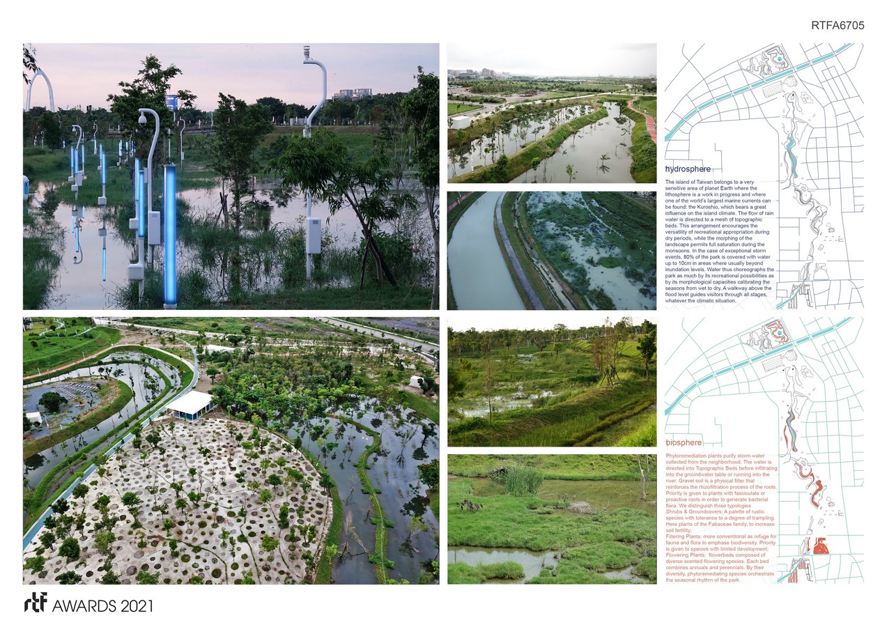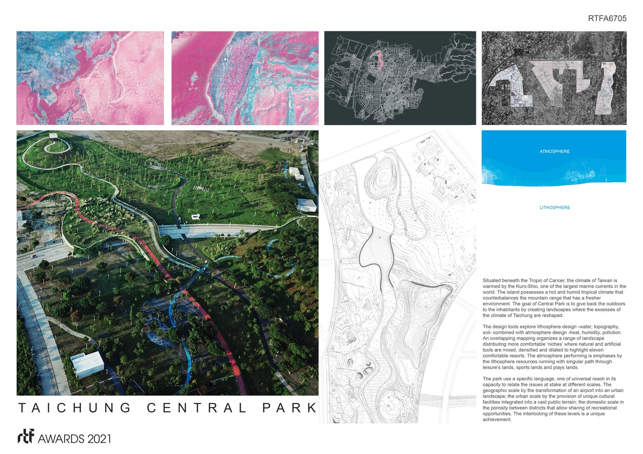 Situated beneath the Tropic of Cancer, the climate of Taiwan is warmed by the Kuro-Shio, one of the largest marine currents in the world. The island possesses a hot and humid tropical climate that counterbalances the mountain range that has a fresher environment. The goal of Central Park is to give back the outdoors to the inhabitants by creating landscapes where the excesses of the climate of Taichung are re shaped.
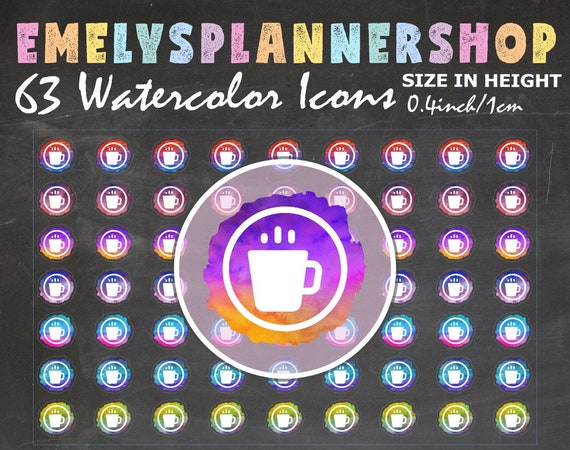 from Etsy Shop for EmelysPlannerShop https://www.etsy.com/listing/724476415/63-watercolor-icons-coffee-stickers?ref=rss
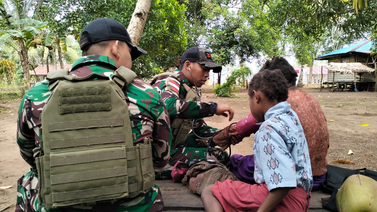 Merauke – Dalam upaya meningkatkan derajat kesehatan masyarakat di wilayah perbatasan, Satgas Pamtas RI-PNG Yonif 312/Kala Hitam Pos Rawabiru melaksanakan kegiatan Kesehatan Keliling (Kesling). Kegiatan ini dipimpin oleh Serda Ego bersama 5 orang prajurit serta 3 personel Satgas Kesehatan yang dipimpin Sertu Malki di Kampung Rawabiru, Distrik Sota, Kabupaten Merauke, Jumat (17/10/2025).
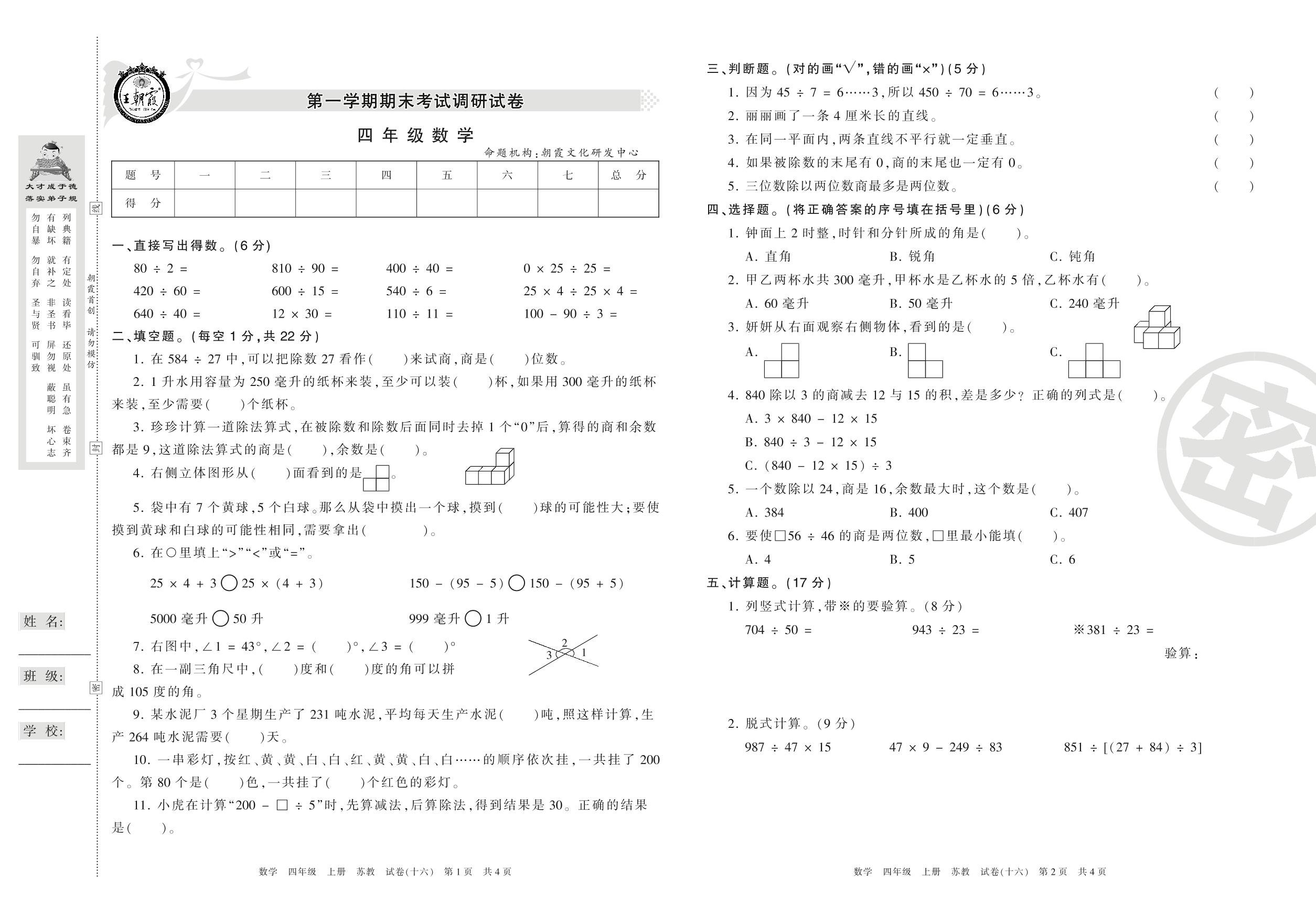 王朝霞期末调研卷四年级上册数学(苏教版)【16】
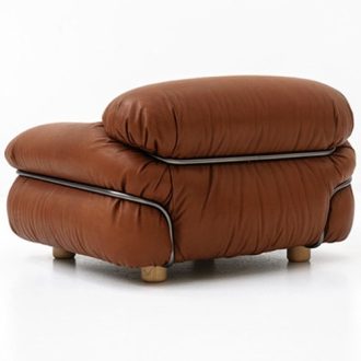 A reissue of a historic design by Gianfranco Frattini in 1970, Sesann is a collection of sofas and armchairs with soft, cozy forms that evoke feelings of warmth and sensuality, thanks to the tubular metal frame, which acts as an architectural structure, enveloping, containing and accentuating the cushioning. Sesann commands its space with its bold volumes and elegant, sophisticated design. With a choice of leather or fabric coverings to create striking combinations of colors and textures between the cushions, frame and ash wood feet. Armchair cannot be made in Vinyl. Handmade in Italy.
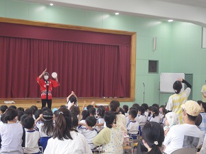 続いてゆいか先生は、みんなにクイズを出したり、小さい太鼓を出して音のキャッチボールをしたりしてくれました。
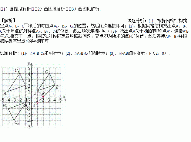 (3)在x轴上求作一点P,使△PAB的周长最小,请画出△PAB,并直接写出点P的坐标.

* * *

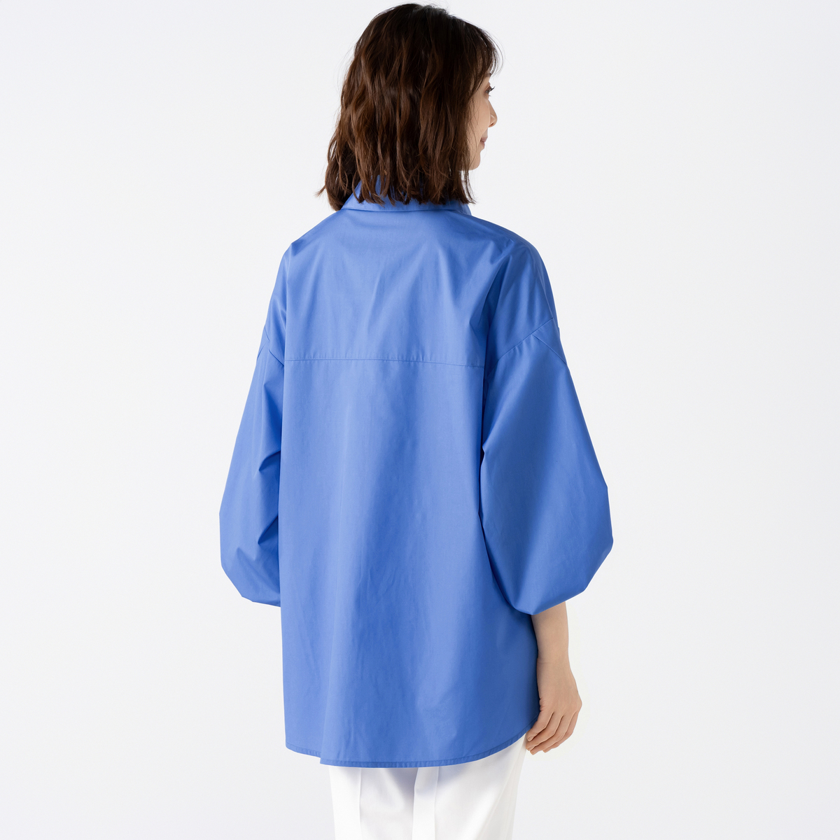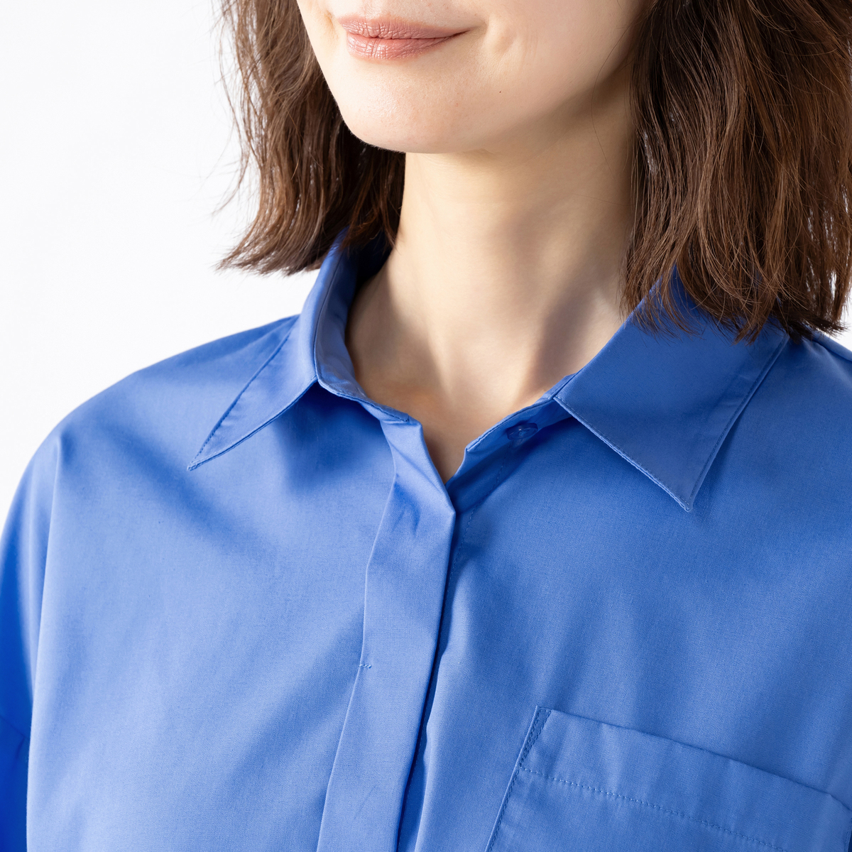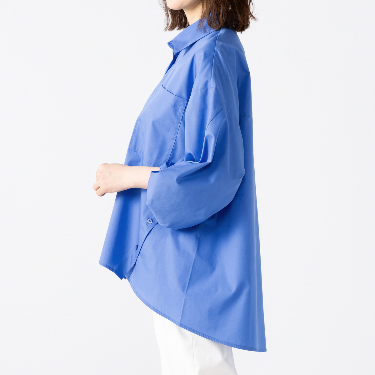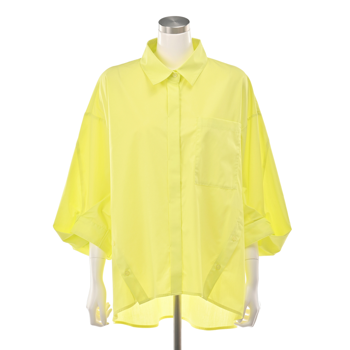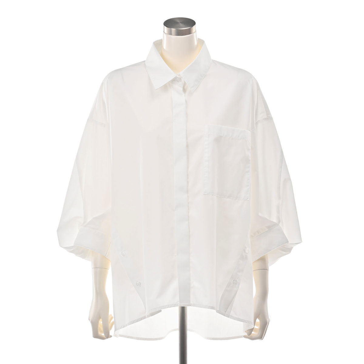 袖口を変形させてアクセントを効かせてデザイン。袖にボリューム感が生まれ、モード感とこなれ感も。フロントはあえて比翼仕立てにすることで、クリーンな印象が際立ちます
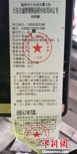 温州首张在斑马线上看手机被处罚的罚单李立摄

---

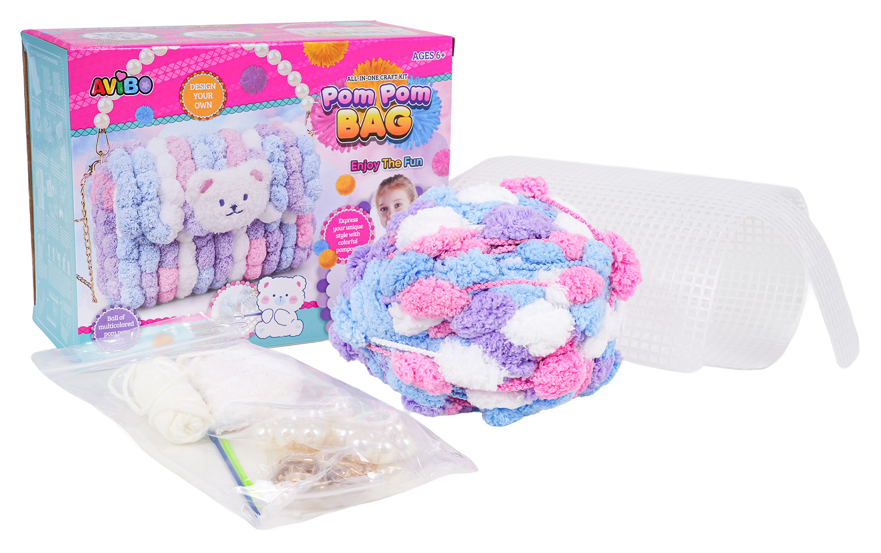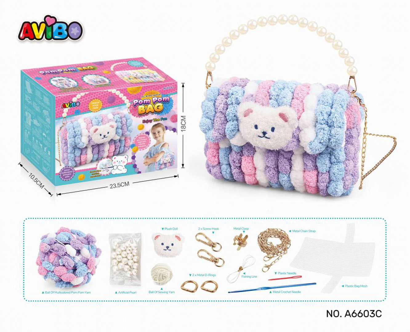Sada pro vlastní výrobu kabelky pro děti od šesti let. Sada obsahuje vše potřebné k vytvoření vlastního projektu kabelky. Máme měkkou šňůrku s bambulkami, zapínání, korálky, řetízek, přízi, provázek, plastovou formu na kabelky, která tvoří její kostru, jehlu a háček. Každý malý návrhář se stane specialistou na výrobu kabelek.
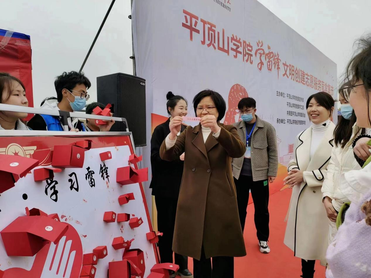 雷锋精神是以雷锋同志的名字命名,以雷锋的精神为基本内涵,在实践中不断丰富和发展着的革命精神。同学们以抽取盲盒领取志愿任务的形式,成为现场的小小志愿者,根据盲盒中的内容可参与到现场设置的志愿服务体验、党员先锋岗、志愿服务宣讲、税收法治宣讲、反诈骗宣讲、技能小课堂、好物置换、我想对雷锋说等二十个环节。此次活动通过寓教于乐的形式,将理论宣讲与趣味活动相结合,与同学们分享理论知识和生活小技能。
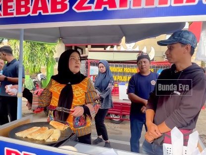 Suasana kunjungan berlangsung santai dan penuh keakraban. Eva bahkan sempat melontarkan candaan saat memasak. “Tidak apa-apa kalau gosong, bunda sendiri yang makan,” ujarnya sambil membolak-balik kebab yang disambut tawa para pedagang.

Brief —
Return exactly the part of the listing above that opens with the line containing "A reissue of" and closes with the line containing "(3)在x轴上求作一点P,使". Pictures stay out.

Response —
 A reissue of a historic design by Gianfranco Frattini in 1970, Sesann is a collection of sofas and armchairs with soft, cozy forms that evoke feelings of warmth and sensuality, thanks to the tubular metal frame, which acts as an architectural structure, enveloping, containing and accentuating the cushioning. Sesann commands its space with its bold volumes and elegant, sophisticated design. With a choice of leather or fabric coverings to create striking combinations of colors and textures between the cushions, frame and ash wood feet. Armchair cannot be made in Vinyl. Handmade in Italy.
 続いてゆいか先生は、みんなにクイズを出したり、小さい太鼓を出して音のキャッチボールをしたりしてくれました。
 (3)在x轴上求作一点P,使△PAB的周长最小,请画出△PAB,并直接写出点P的坐标.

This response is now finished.